Catalogue merging allows you to combine earthquake data from multiple sources into a unified, comprehensive catalogue. This is essential for:

  • Combining regional and national catalogues

  • Integrating historical and modern data

  • Comparing independent analyses of the same events

  • Creating research-ready datasets from multiple sources

Key platform features include:

  • 🆕 Quality-Based Strategy (Recommended): A new merge strategy that scores every duplicate event on a 0–100 point index (station count, azimuthal gap, location error, magnitude uncertainty, magnitude type, review status) and keeps the highest-scoring event. This is a user-selectable option — see Merge Strategies below.

  • Automated Duplicate Detection: Matches events across catalogues using time, location, and magnitude criteria.

  • Complete Provenance: Tracks the source of every event in the merged result.

  • Configurable Thresholds: Adjust matching parameters for different data types.

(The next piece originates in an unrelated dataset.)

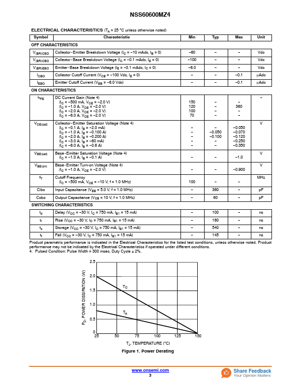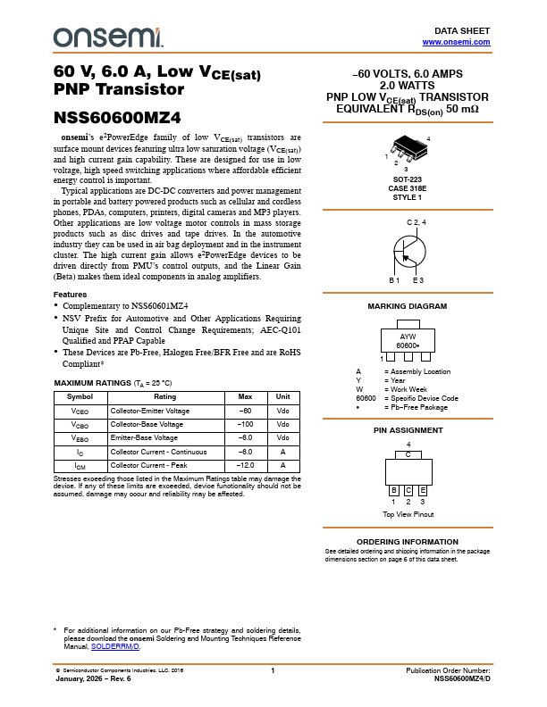 60 V, 6.0 A, Low VCE(sat) PNP Transistor NSS60600MZ4 onsemi’s e2PowerEdge family of low VCE(sat) transistors are surface mount devices featuring ultra low saturation voltage (VCE(sat)) and high current gain capability. These are designed for use in low voltage, high speed switching applications where affordable efficient energy control is important. Typical applications are DC-DC converters and power management in...

The platform also applies underlying algorithm improvements. Some run for every strategy, others are specific to the Average strategy:

  • Date Line Normalisation (all strategies): Spatial matching near ±180° uses unit-vector averaging to avoid arithmetic errors in the Pacific region.

  • Validation Gates (all strategies): Rejects physically inconsistent duplicate groups before any strategy is applied (e.g., an M4.0 matched against an M7.0, or a group spanning > 200 km).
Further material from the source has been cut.